On another occasion, he remembers the details of a conversation on one of their daily visits and thoughtfully sends her a gift (letter undated, trans. Rosenmeier):
The other day when you came to see me you told me that when you were confirmed your father had presented you with a bottle of lily of the valley. Perhaps you thought that I did not hear this, or perhaps you thought that it had slipped by my ear like so much else that finds no response within. But not at all! But as that flower conceals itself so prettily within its big leaf, so I first allowed the plan of sending you the enclosed to conceal itself in the half-transparent veil of oblivion so that, freed from every external consideration, even the most illusive, rejuvenated to a new life in comparison with which its first existence was but an earthly life, it might now exude that fragrance for which longing and memory (‘from the spring of my youth’) are rivals. However, it was nearly impossible for me to obtain this essence in Copenhagen. Yet in this respect there is also a providence, and the blind god of love always finds a way. You happen to receive it at this very moment (just before you leave the house), because I know that you, too, know the infinity of the moment. I only hope it will not be too late. Hasten, my messenger, hasten my thought, and you, my Regine, pause for an instant, for only a moment stand still.

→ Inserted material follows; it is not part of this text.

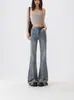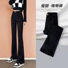 Jeans acampanados de terciopelo negro grueso para mujer 2024 otoño e invierno nuevo estilo herradura cintura alta elásticos ajustados acampanados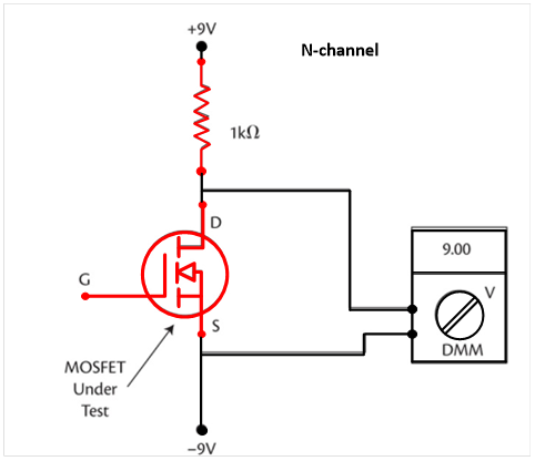 Take a 9-volt battery and a 1-kΩ resistor and connect them as shown in Figure . Set your DMM to read voltage, and connect it across the drain and source of the FET. Leave the gate terminal unconnected. Touch two of the fingers of one hand between the gate and drain terminals momentarily. The voltage shown on the meter should drop quite a bit and stay at the lower value after you release your fingers. This indicates that the gate of the FET is positively charged and is turning on the drain-to-source path, as it should. Now, touch your fingers between the gate and source terminals and let go. The voltage should rise back up to the battery’s voltage and stay there because you’ve discharged the gate. If you get these behaviors, the part is good.

My impression of him before reading this letter was that of a taciturn, melancholy, selfish man but he was clearly capable of being thoughtful, tender and even happy. It shows a lot about his character that he went to some trouble to get this scent for Regine!

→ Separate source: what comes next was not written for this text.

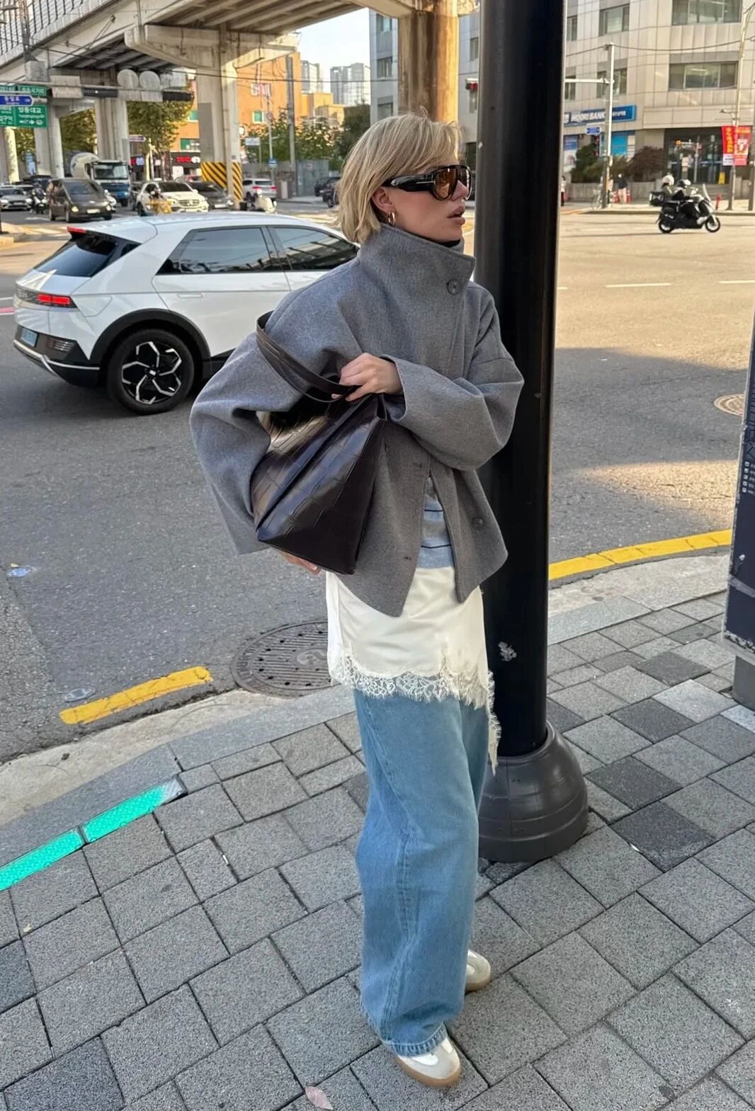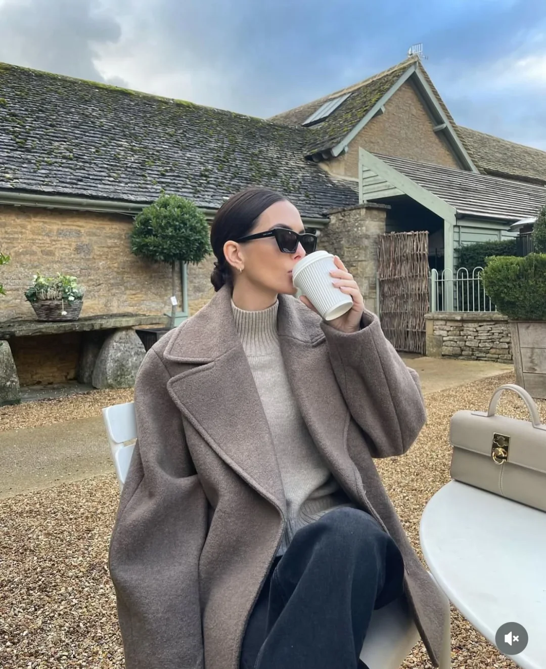 米白不同于刺眼的纯白,它带着温度的暖意,能作为整套look最温柔的基底。

And this gift was not a one-time occurrence. He loved to send her all sorts of thoughtful gifts—paintings, a scarf, a handkerchief, and drawings he did himself. He would also include in his letters translations of poems or poetry he composed himself based on famous verses. For example, on Wednesday, the 28th of October, 1840 he writes to Regine and quotes Joachim von Eichendorff: “In the stillness of midnight, for the day does begin at midnight, and at midnight I awoke and the hours grew long for me, for what is as swift as love? Love is the swiftest of all, swifter than itself: Two musicians journeyed thither/From the woods so far away./One of them is deeply in love,/The other would like to be so.”

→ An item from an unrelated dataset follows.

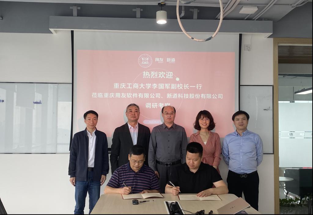在用友软件有限公司、新道科技股份有限公司调研会上,校企双方就高校人才培养模式进行了深入交流,共同签署了校企合作协议。重庆用友软件有限公司人力资源部总监何爱妮重点介绍了实习生招聘、培养、职业发展等过程中存在的问题以及双师型教师培养方案。新道科技股份有限公司教育研究院经理宋健详细介绍了企业的人才需求,知识面宽,学习能力强,数字化技术应用能力高的员工更受企业欢迎。校企合作培养人才过程中,要加强专业建设和实践育人,构建产业公司模式(现代产业公司,未来技术公司、特色软件公司等),实现“产学研”一体化,跨专业提升员工综合能力。
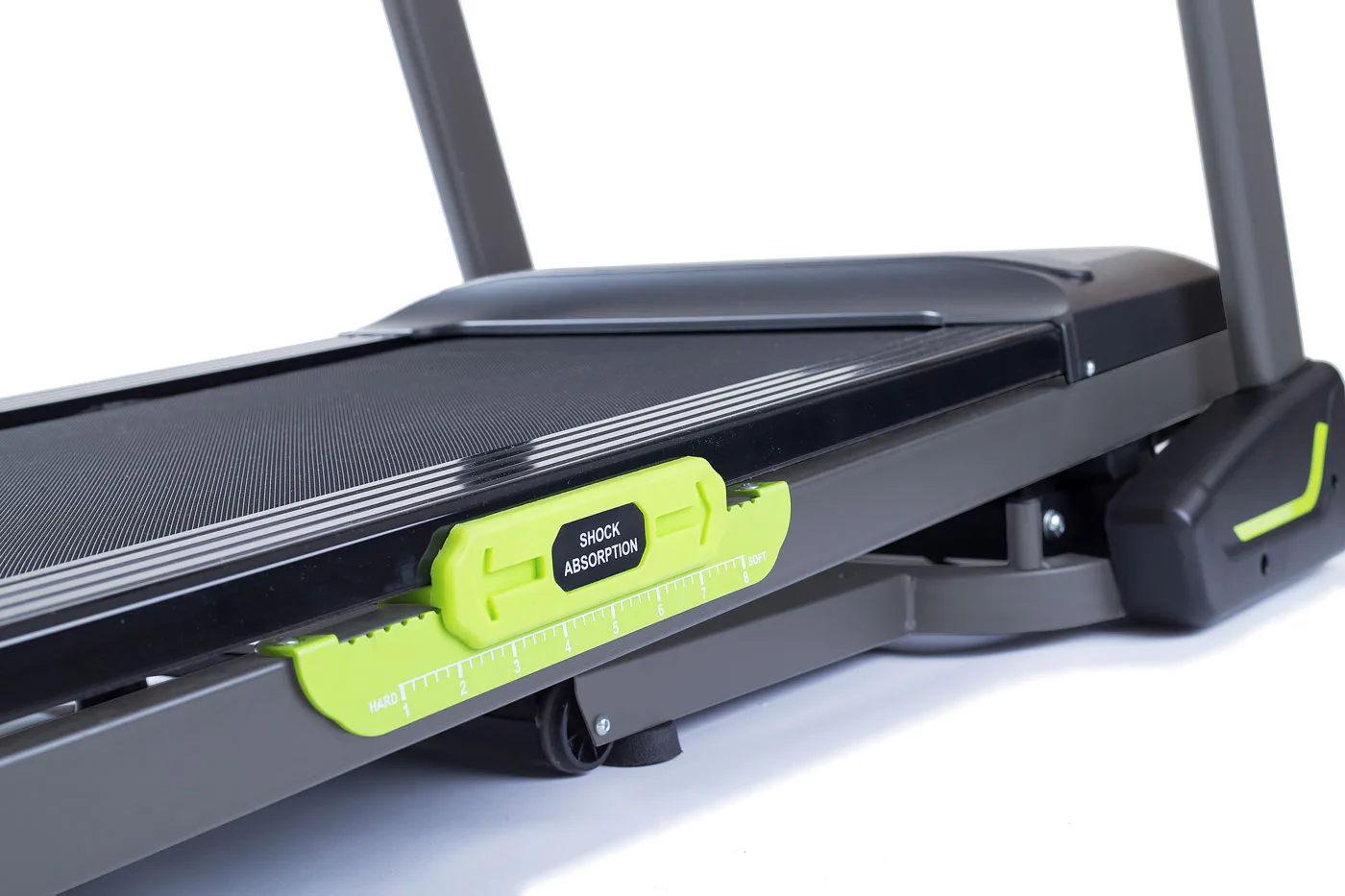 Běžecká plocha nabízí rozměry 45 x 125 cm a má odpružení prostřednictvím gumových silantbloků pro maximální bezpečí a šetrnost k Vašim kloubům při běhání.

Much like Kafka, Kierkegaard struggles with making a full commitment to marriage and family life. In the end he decides that he cannot go through with it, but Regine puts up a good fight. There is a hint, I think, in some of the letters of Kierkegaard’s anguish between wanting to be alone and wanting to marry Regine. This passage, from an undated letter, is one of my favorites (trans. Rosenmeier):
In truth, I come, I write, I think, I speak and falter and sigh, and my room resounds with my monologues, and in you alone, my sole confidante, dare I confide what it is that now boisterously wells up in me and then again is lost in silent reverie—in you alone dare I confide—what you have confided in me. For know that every time you repeat that you love me from the deepest recesses of your soul, it is as though I heard it for the first time, and just as a man who owned the whole world would need a lifetime to survey his splendors, so I also seem to need a lifetime to contemplate all the riches contained in your love. Know that every time you thus solemnly assure me that you always love me equally well, both when I am happy and when I am sad, most when I am sad—most when I am sad—because you know that sorrow is divine nostalgia and that everything good in man is sorrow’s child—know that then you are rescuing a soul from Purgatory.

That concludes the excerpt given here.